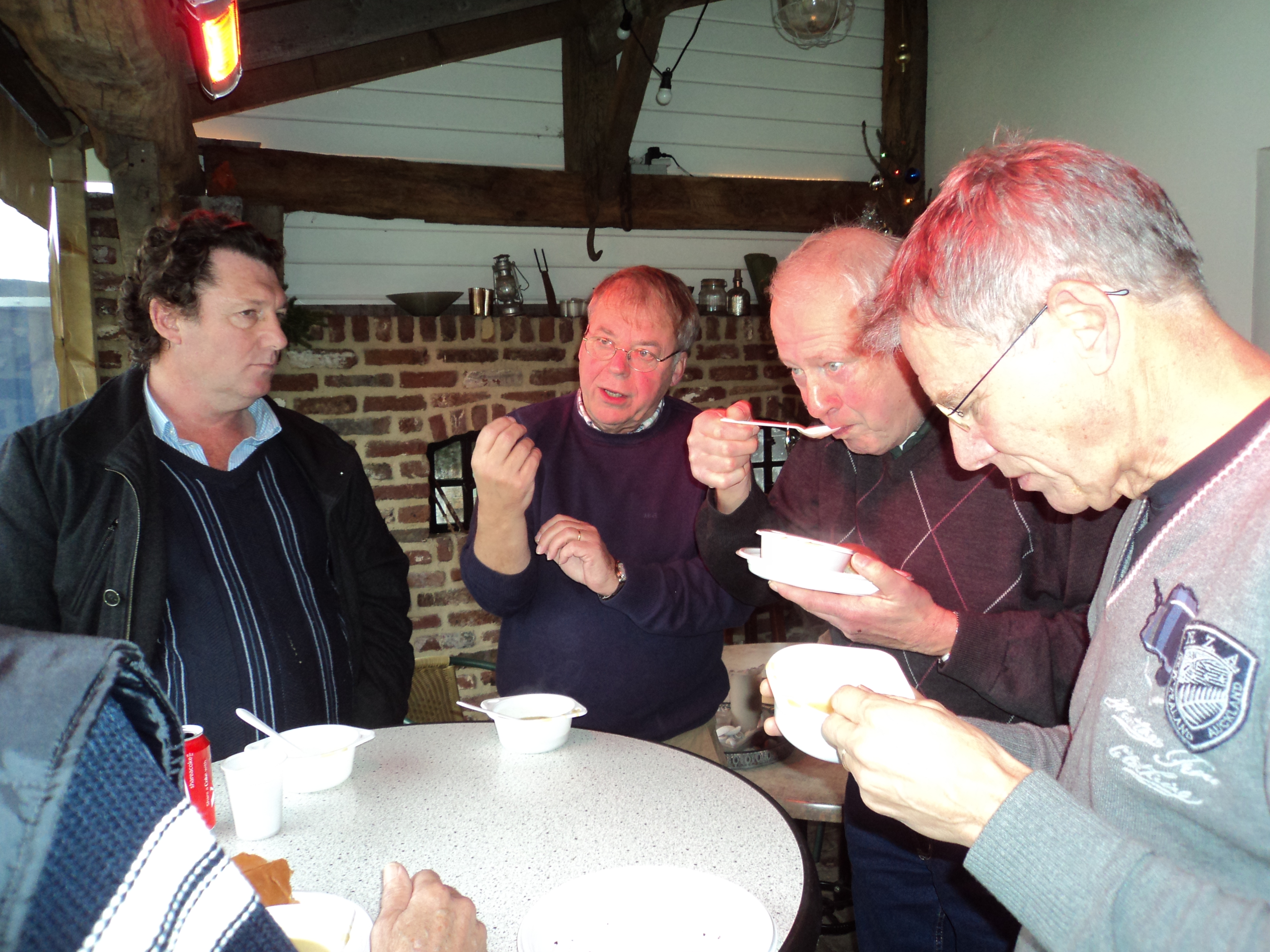 De locatie was dit keer de muziekboerderij van Hans van den Brandt. Het valt ons wel op dat zowel Frans Gommans als Hans van den Brandt een mooie ontmoetingsruimte met bar en stamtafel aan huis hebben. Heeft iedereen in Grubbenvorst dat zo?! Je zou het bijna gaan denken. Het bewijst maar weer eens dat dit stukje Noord-Limburg gewoon heel gastvrij en gezellig is. De voortreffelijke catering was dit keer in goede handen van Leontien van Eijk en Geke Kulsdom.
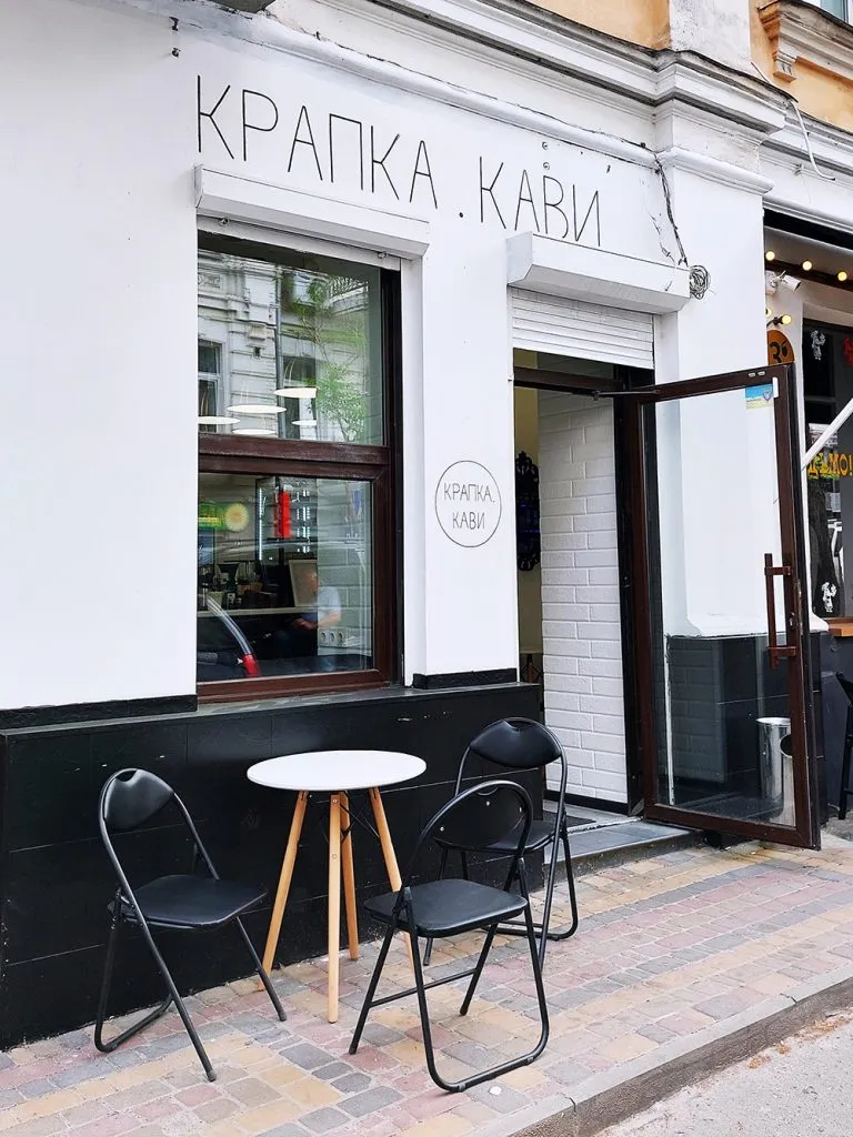 Харків’янин відкрив кав’ярню «Крапка.кави» в центрі Києва, неподалік від майдану Незалежності. Фішка закладу — заварювання кави через заморожену кулю та фірмове харківське печиво
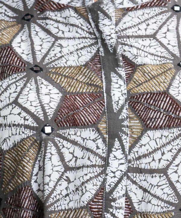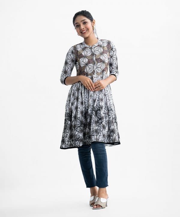 Teen girl printed A-line tunic in viscose fabric. Stand collar, three-quarter sleeved. Gathered at the waistline and embroidery at the front.
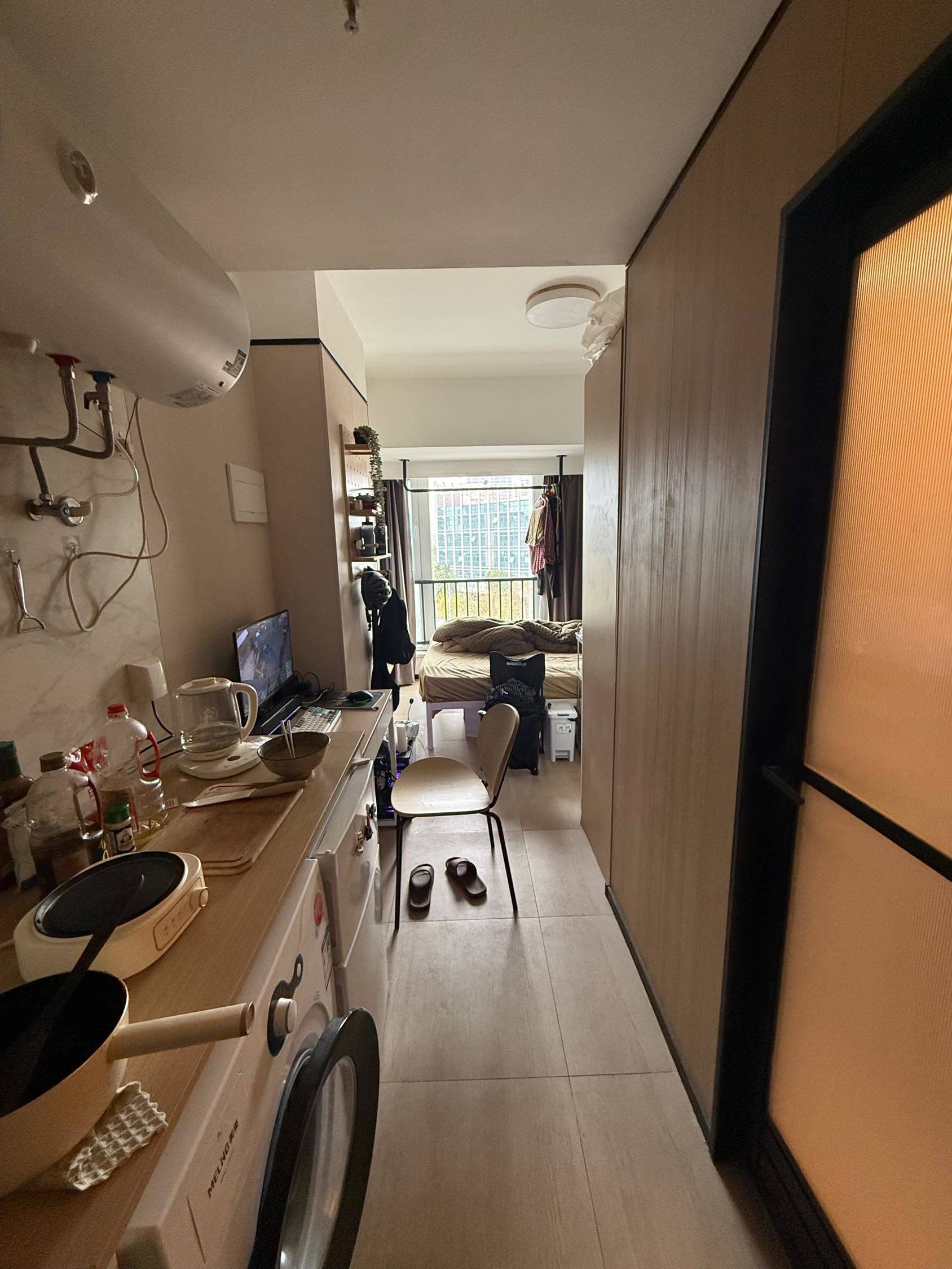 本人因工作地点变更,转租,合同还剩3个月,押一付一,5楼楼层友好,西面北面都有落地窗,采光良好,楼下便利店什么的都有,电梯直达5号线黄河北路地铁站,三楼公区健身房自习室储物房免费使用,电费0.79每度,水费一个月十块左右,
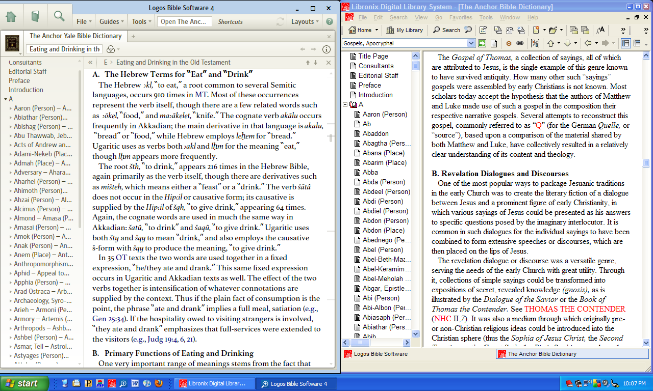 contents pane in Logos 4, when I click on one entry, it opens up a
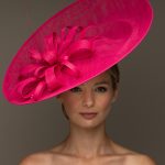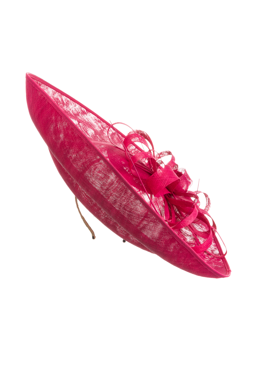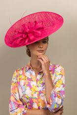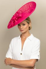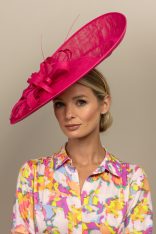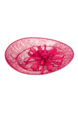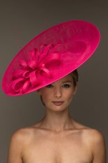 The Madison Dish hat comprises a large sinamay dish base on a headband with an upturn to the back of the hat. The base is trimmed with a flower of sinamay loops with a stripped quill.
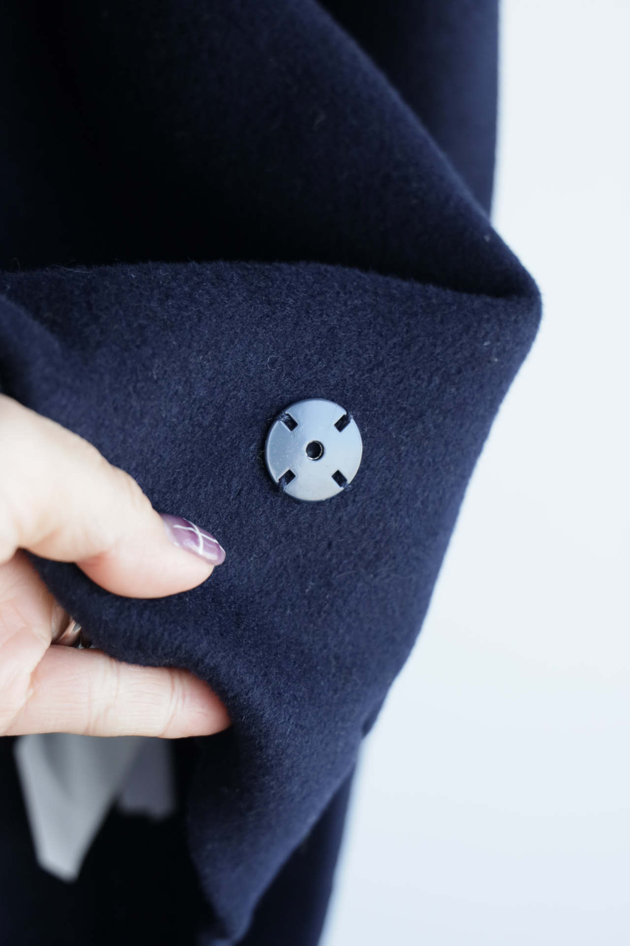 超大翻领,隐形双排扣,双侧大口袋,配以立体裁剪的廓形设计,每个细节都充斥着时髦洋气
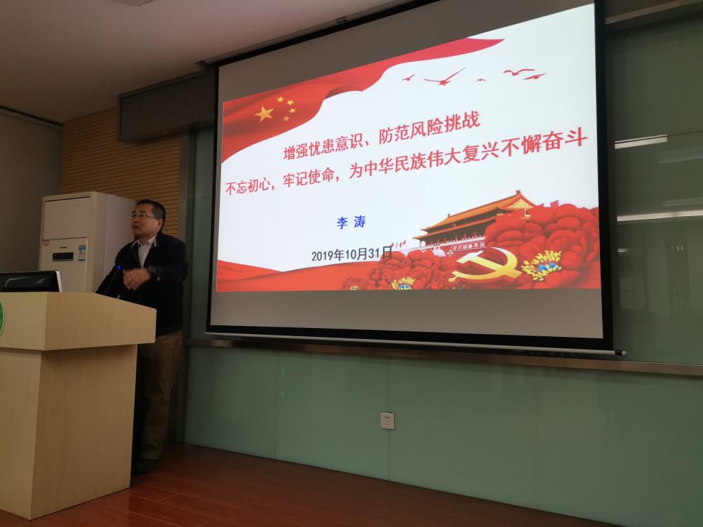 (通讯员:崔露、刘赵昊旻)1031日晚700,化学与化工学院党委书记李涛教授以“增强忧患意识,防范风险挑战,为中华民族伟大复兴不懈奋斗”为主题,面向学院教师、学生党支部全体委员讲授党课。华中科技大学学工处副处长刘雅然、原软件学院党委书记陈业美、化学与化工学院党委副书记吴疆鄂、副院长刘宏芳、龚跃法与学院党支部全体委员共同聆听党课。在“不忘初心、牢记使命”主题教育的深入推进下,李涛书记指出,新时代党员干部应当“增强忧患意识,防范风险挑战,为中华民族伟大复兴不懈奋斗”。
* * * * *
Work order
For this task, return exactly the stretch of the listing above from the line with "本人因工作地点变更,转租,合" through the line with "The Madison Dish", inclusive and without pictures.

Exercise output
 本人因工作地点变更,转租,合同还剩3个月,押一付一,5楼楼层友好,西面北面都有落地窗,采光良好,楼下便利店什么的都有,电梯直达5号线黄河北路地铁站,三楼公区健身房自习室储物房免费使用,电费0.79每度,水费一个月十块左右,
 contents pane in Logos 4, when I click on one entry, it opens up a
 The Madison Dish hat comprises a large sinamay dish base on a headband with an upturn to the back of the hat. The base is trimmed with a flower of sinamay loops with a stripped quill.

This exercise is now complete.